# Post videos of your buns being cute!!!



## odyssey~ (Sep 12, 2021)

Hi!
Here just post any videos of your buns being adorable <3

I'll start off with this!
I was finally able to catch Odyssey flopping on video for the first time!


----------



## Moonshadow (Sep 12, 2021)

I want to but it says my videos don’t have an allowed extension It’s probably because I recorded them on my iPhone...


----------



## ArtistChibi (Sep 13, 2021)

Moonshadow said:


> I want to but it says my videos don’t have an allowed extension It’s probably because I recorded them on my iPhone...


Have you tried posting it onto YouTube and sharing it here? Sometimes posting media from a mobile device or computer isn't easy on here as it is to simply upload to YouTube and posting it here.
Like this.


----------



## odyssey~ (Sep 13, 2021)

Moonshadow said:


> I want to but it says my videos don’t have an allowed extension It’s probably because I recorded them on my iPhone...

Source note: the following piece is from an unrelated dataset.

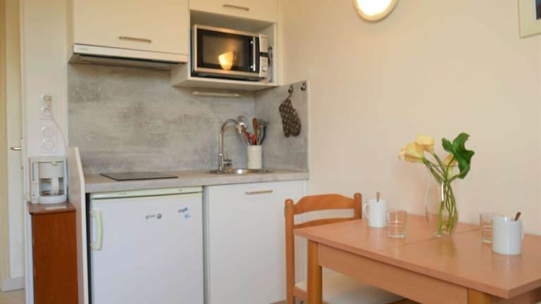 Die Ferienwohnung verfügt über 1 Schlafzimmer sowie ein Wohnzimmer mit einem TV. Eine voll ausgestattete Küchenzeile mit Kühlschrank ist ebenfalls vorhanden. Das Badezimmer ist Teil des Wohnraums, der insgesamt für 3 Personen ausgelegt ist.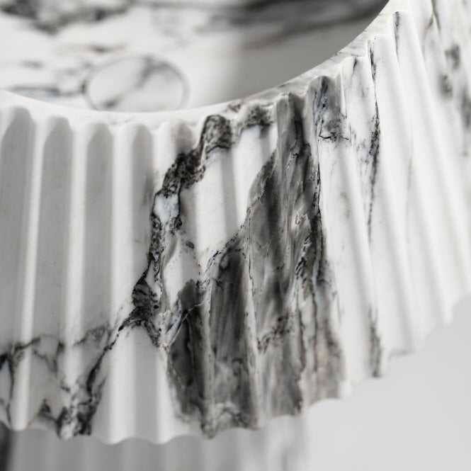 Crafted from premium Arabescato marble with striking natural veining, this fluted freestanding sink combines sculptural vertical texture with timeless luxury, serving as a sophisticated statement piece for high-end villa bathrooms and upscale hotel projects.

You can use a throwaway youtube account and just make it unlisted, imgur (no account needed), streamable, instagram, wevideo, etc, etc ))


----------



## Moonshadow (Sep 13, 2021)

ArtistChibi said:


> Have you tried posting it onto YouTube and sharing it here? Sometimes posting media from a mobile device or computer isn't easy on here as it is to simply upload to YouTube and posting it here.
> Like this.





odyssey~ said:


> You can use a throwaway youtube account and just make it unlisted, imgur (no account needed), streamable, instagram, wevideo, etc, etc ))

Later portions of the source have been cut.